Need help, please.

A copper wire (density = 8.96 g/cm^3) has a diameter of 0.25 mm. If a sample of this copper wire has a mass of 22 g, how long is the wire?

Thank you.

diameter = .025 cm

area = pi D^2/4= 4.91 * 10^-4 cm^2
so
4.91*10^-4 * L * 8.96 = 22
L = 5002 cm
or L = 50 meters

To find the length of the copper wire, you can use the formula for calculating the volume of a cylinder:

Volume = π * r^2 * h

where:
- π is a mathematical constant approximately equal to 3.14159
- r is the radius of the wire (which is half the diameter)
- h is the height or length of the wire

First, let's calculate the radius of the wire. The diameter is given as 0.25 mm, so to find the radius:

Radius = diameter / 2 = 0.25 mm / 2 = 0.125 mm

Next, we need to convert the radius to centimeters as the density is given in g/cm^3. There are 10 mm in 1 cm, so:

Radius = 0.125 mm * (1 cm / 10 mm) = 0.0125 cm

Now, we can calculate the volume of the wire using the formula.

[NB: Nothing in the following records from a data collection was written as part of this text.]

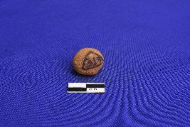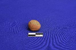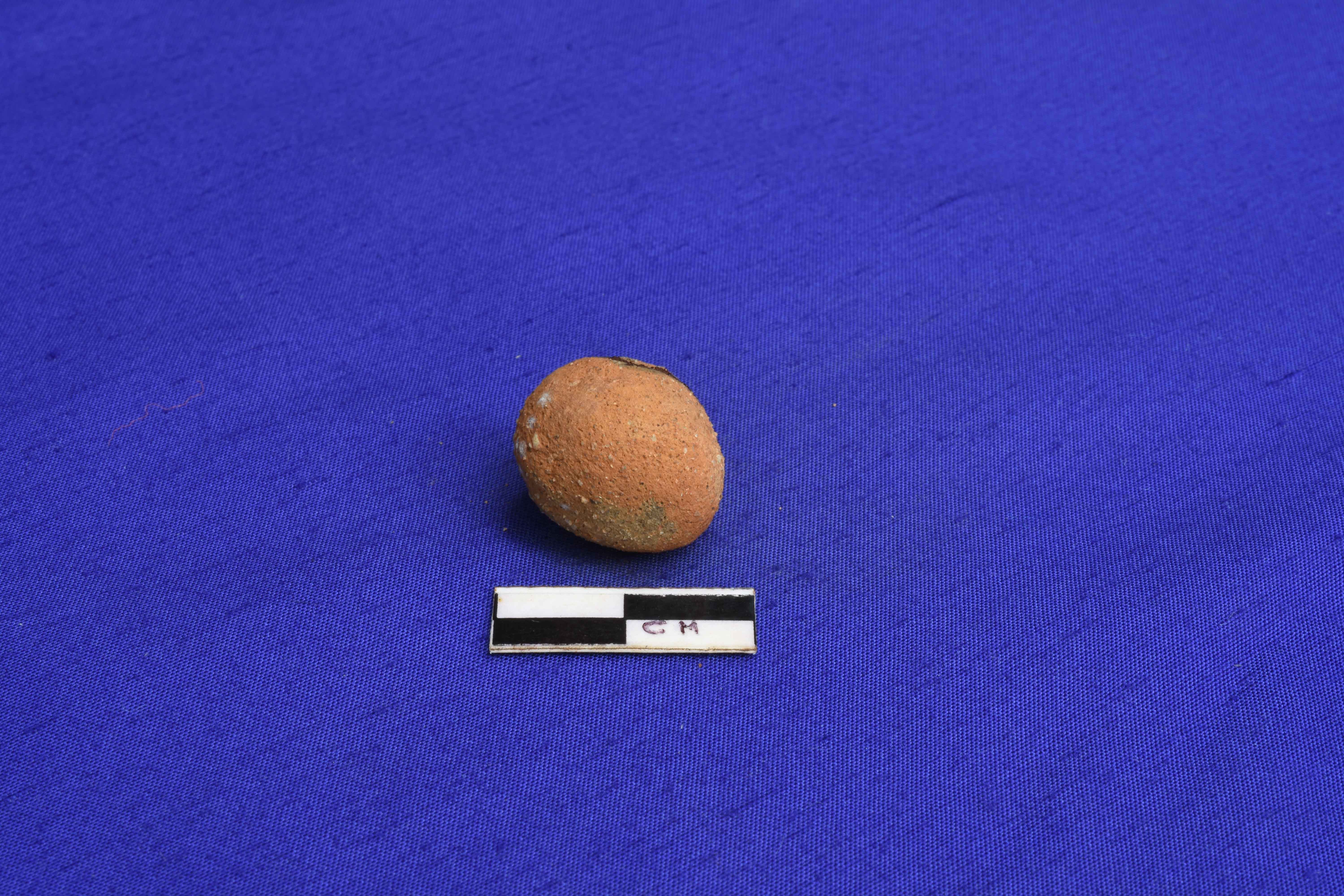 A terracotta sling ball well fired and devoid of any slip. It has rough coarse.
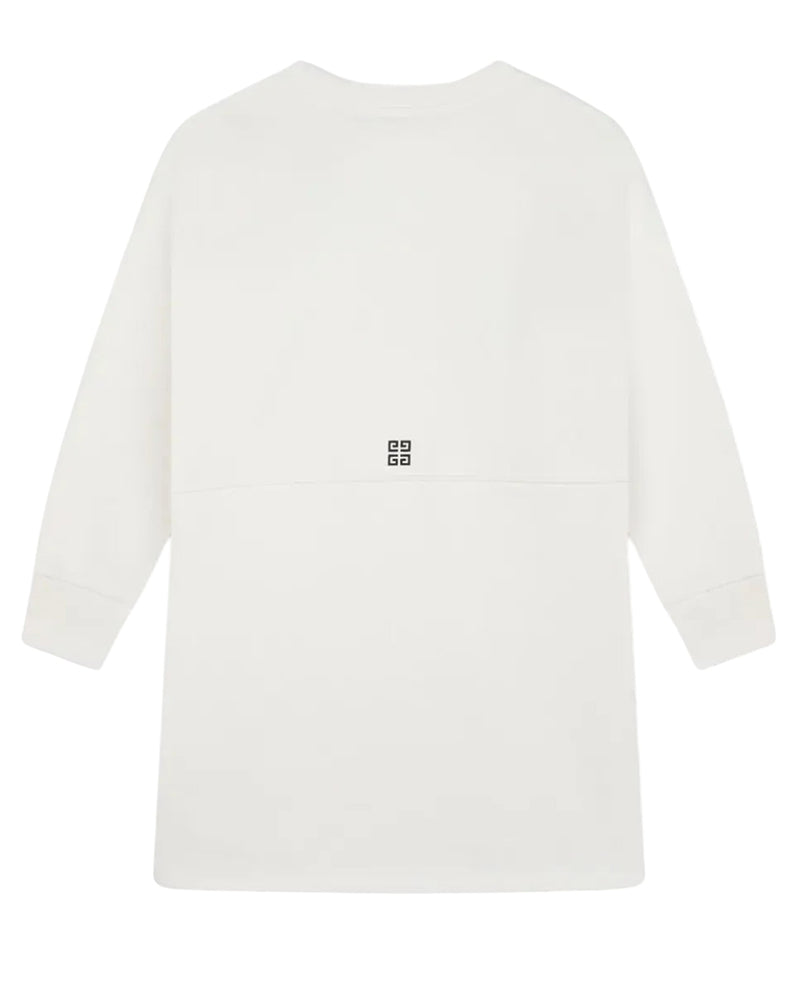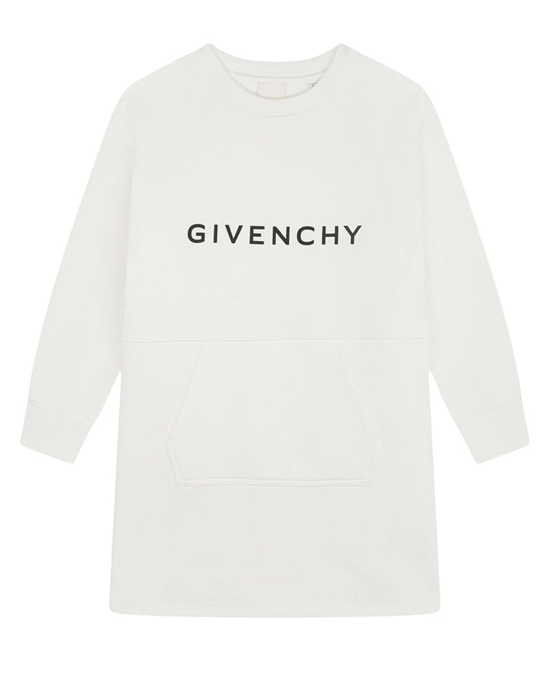 Abito da bambina realizzato in felpa di cotone garzato. Presenta collo tondo, maniche lunghe, tasca a marsupio sul davanti, fodera in pile e finiture a coste. È decorato con stampa logo sulla parte anteriore.
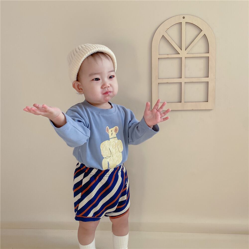 スプリングプリントルーズカジュアルストライプTシャツ ショーツ セット 帽子 春物 ブルマー mi0950763819973 | Sagittarius By Constellation -KIDS&BABY-
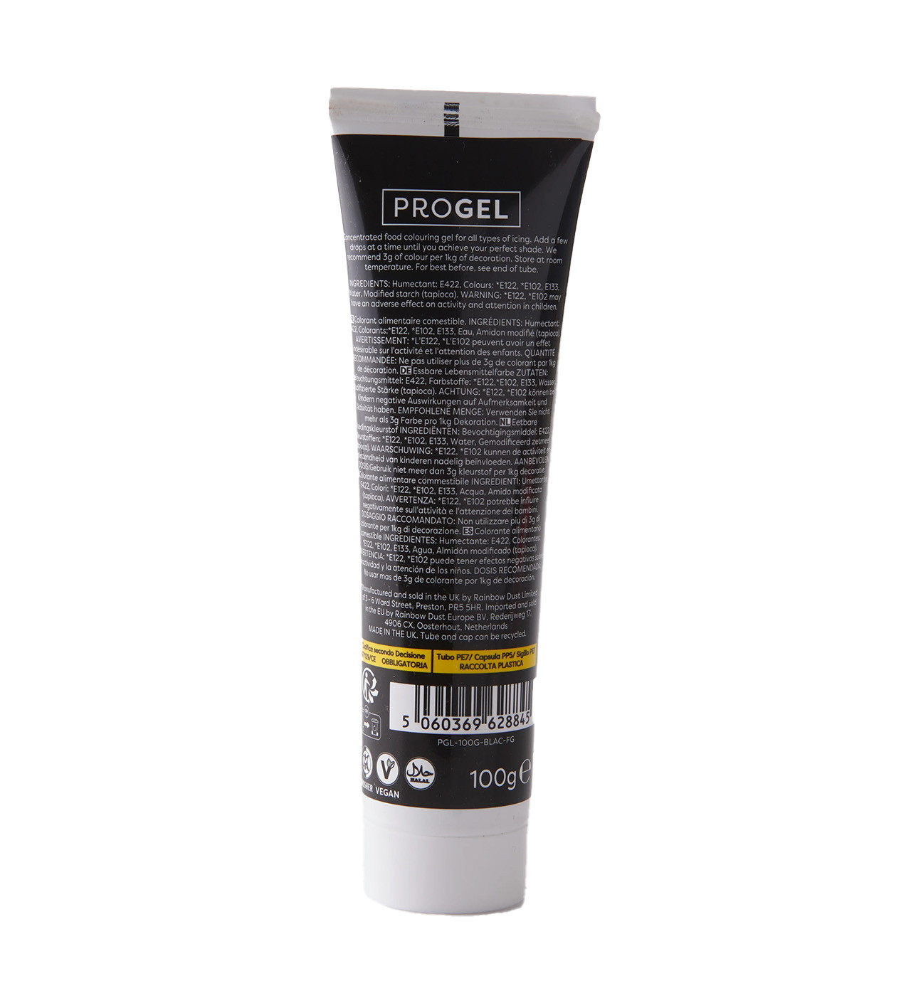 Sortez des sentiers battus et apportez une touche audacieuse et moderne à vos créations avec le Colorant Alimentaire ProGel Noir 100 g Rainbow Dust.
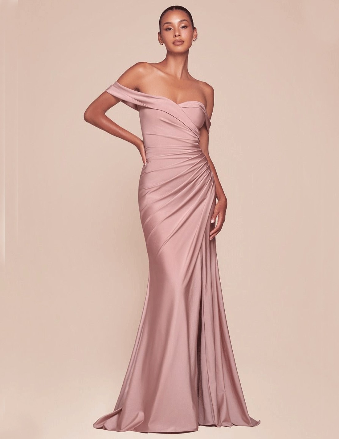 Este vestido de fiesta largo está confeccionado en satén elástico, brindando un ajuste impecable que realza tus curvas sin sacrificar la comodidad. Su escote corazón con hombros descubiertos, combinado con una cintura plisada y una sensual abertura en la pierna, aporta un toque de sofisticación y modernidad.
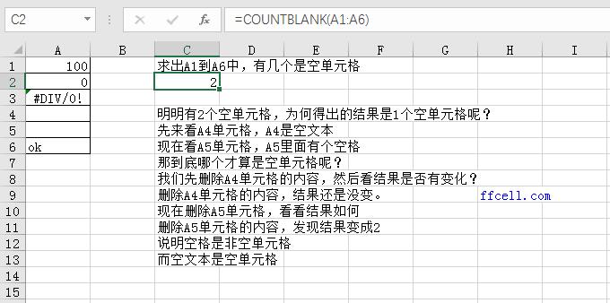 =COUNTBLANK(A1:A6) 结果为1,请看下面动画
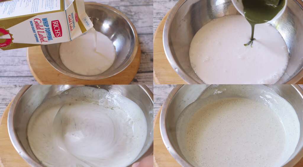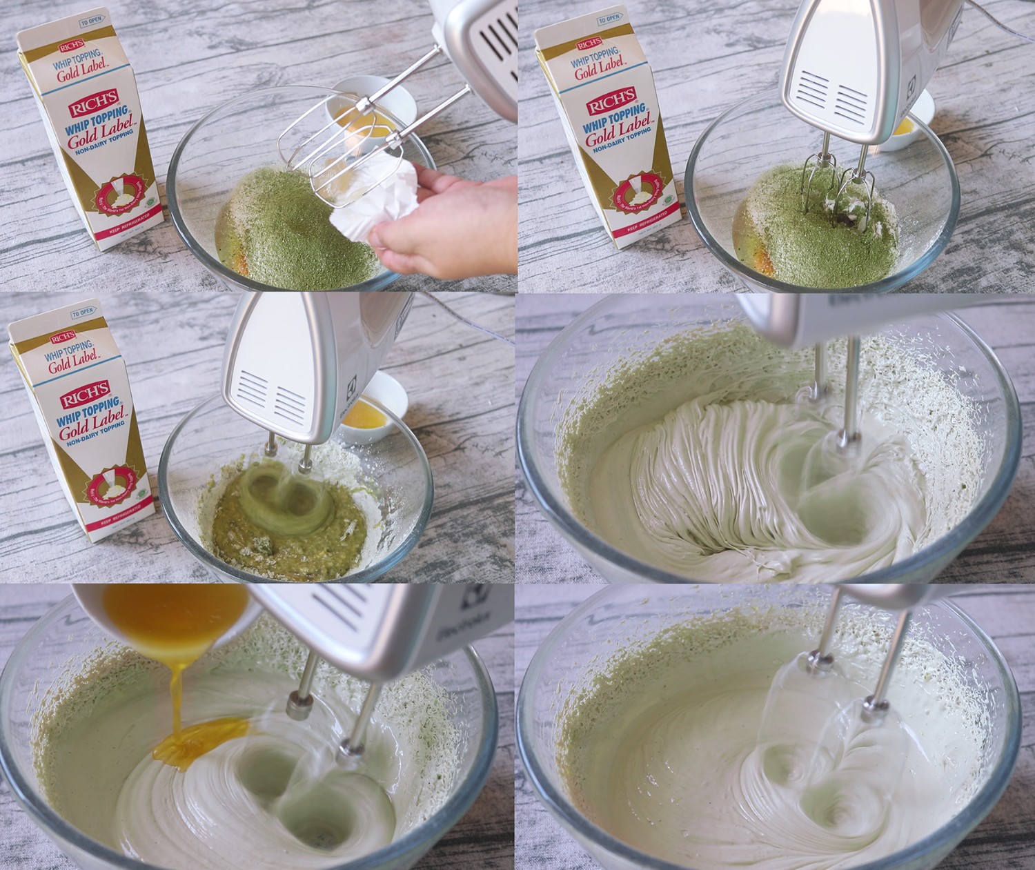 9.เท ริชส์ โกลด์ เลเบล ลงไปในชามผสม ทำเป็นรสชาเขียว นำชาเขียวที่ผสมไว้ใส่ลงไป คนให้เข้ากัน
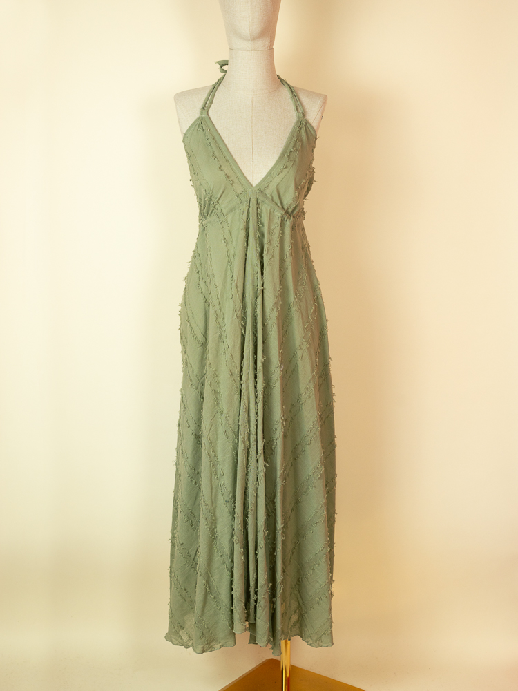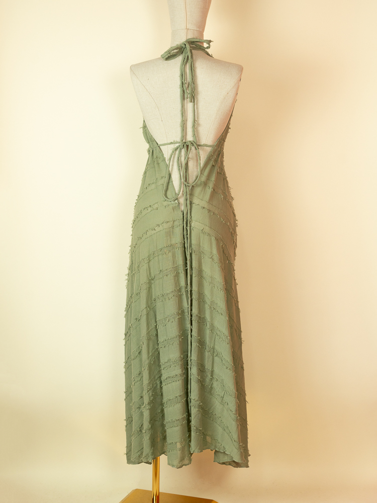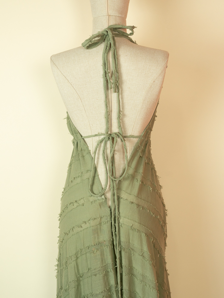 Crafted from textured cotton, it features a flattering halter neckline and a softly gathered bust that flows into a relaxed, airy shape. The open back with delicate tie details adds a sensual, refined touch while maintaining a natural, understated feel.
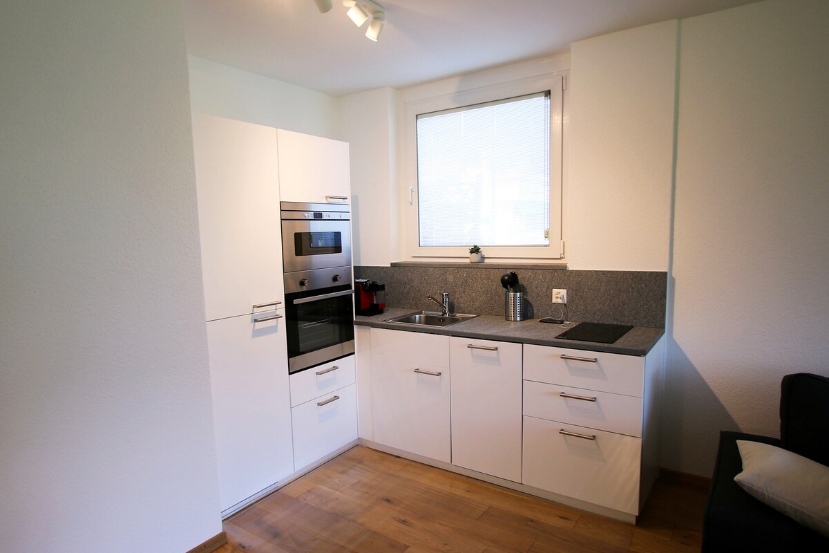 Θα νιώσετε άνετα και σαν στο σπίτι σας! Κομψό και ηλιόλουστο διαμέρισμα 2,5 δωματίων, ιδανικό για 2 άτομα. Το κομψό υπνοδωμάτιο διαθέτει ένα άνετο queensize κρεβάτι. Το bedsofa υψηλής ποιότητας στο σαλόνι παρέχει χώρο για ένα άλλο άτομο. Από το μεγάλο μπαλκόνι έχετε υπέροχη θέα στη λίμνη και τα βουνά. Το μπάνιο είναι πλήρως ανακαινισμένο με όμορφα υλικά και καμπίνα ντους. Η κοινόχρηστη εσωτερική πισίνα μπορεί να χρησιμοποιηθεί δωρεάν. Τέλεια και ήσυχη τοποθεσία για τις διακοπές σας!
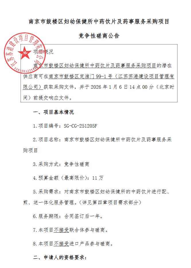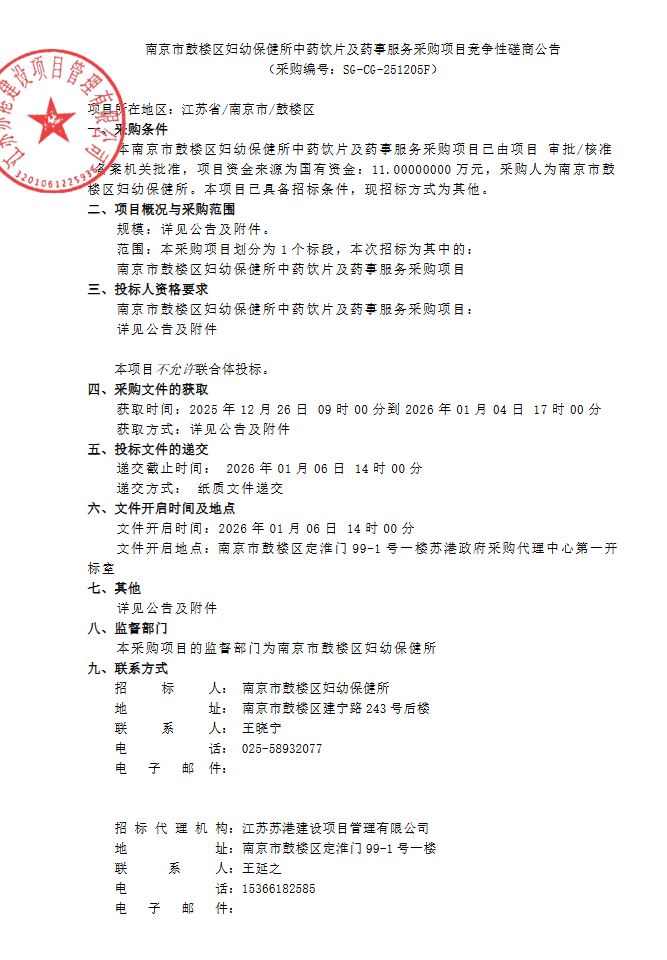 【南京市鼓楼区妇幼保健所】江苏省南京市鼓楼区妇幼保健所中药饮片及药事服务采购项目竞争性磋商公告
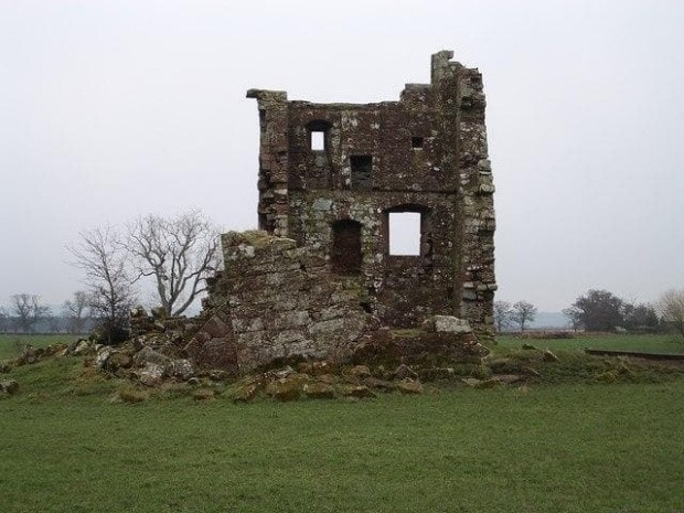 Ruiny XVI wiecznej wieży mieszkalno obronnej zwanej Lochar Tower w hrabstwie Dumfries and Galloway.
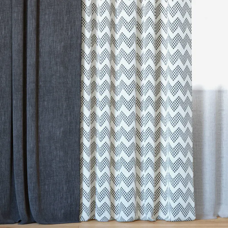 The archive has:4 blackout curtains with two types of fabric Reilly Gray Chevron and Ovington Gray;Semi-transparent tulle;All textures;MAX 2013 (V-Ray 3.60);FBX_V-ray;
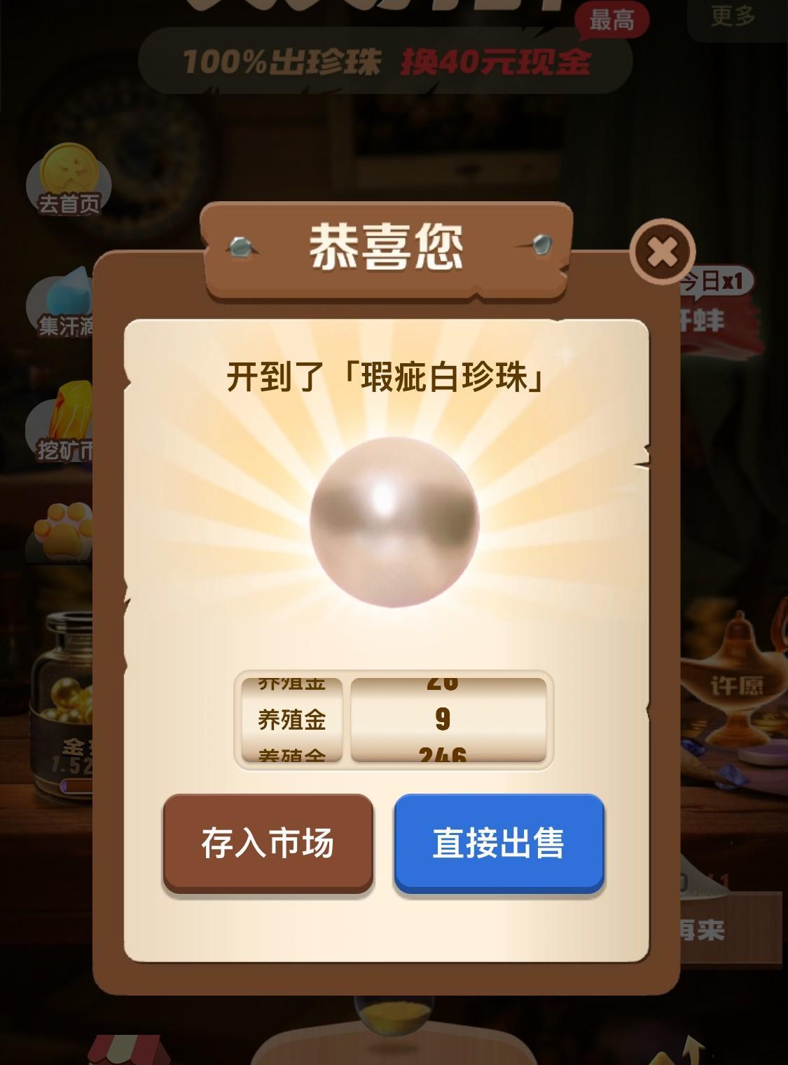今天我的二级宠物蚌,吃得多,产出少,揍扁它的小心思都有! 来来来,大家围观一下,白+黑,2枚瑕疵珍珠,共得养殖金50又2,非常肯定的怀疑,我的二级宠物蚌患有严重的“节日综合症”! 养蚌的日常,哪有那么多惊喜和美好! 能够在精心喂养下,回馈到辛苦费,就是很值得骄傲的事情了吧!
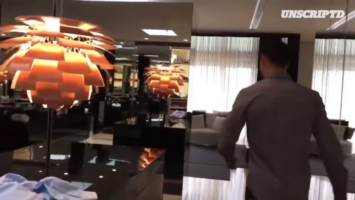 Далее показывает столовую. "Вторая по значимости часть дома - место, где я ем. Чаще всего обедаю и ужинаю дома, именно за этим столом. Мой личный шеф-повар готовит невероятно вкусные блюда. Вот почему так хорошо выгляжу", - смеется он.

The mass of the wire is given as 22 g, and the density is given as 8.96 g/cm^3. The density can also be expressed as mass per unit volume:

Density = mass / volume

Solving for volume:

Volume = mass / density = 22 g / 8.96 g/cm^3 = 2.4553571 cm^3

Now, we have the volume of the wire, and we can solve for the length. Rearranging the formula for volume:

Volume = π * r^2 * h

h = Volume / (π * r^2)

Substituting the values:

h = 2.4553571 cm^3 / (3.14159 * (0.0125 cm)^2)

Calculating the length:

h = 198.089674 cm

Therefore, the length of the copper wire is approximately 198.09 cm.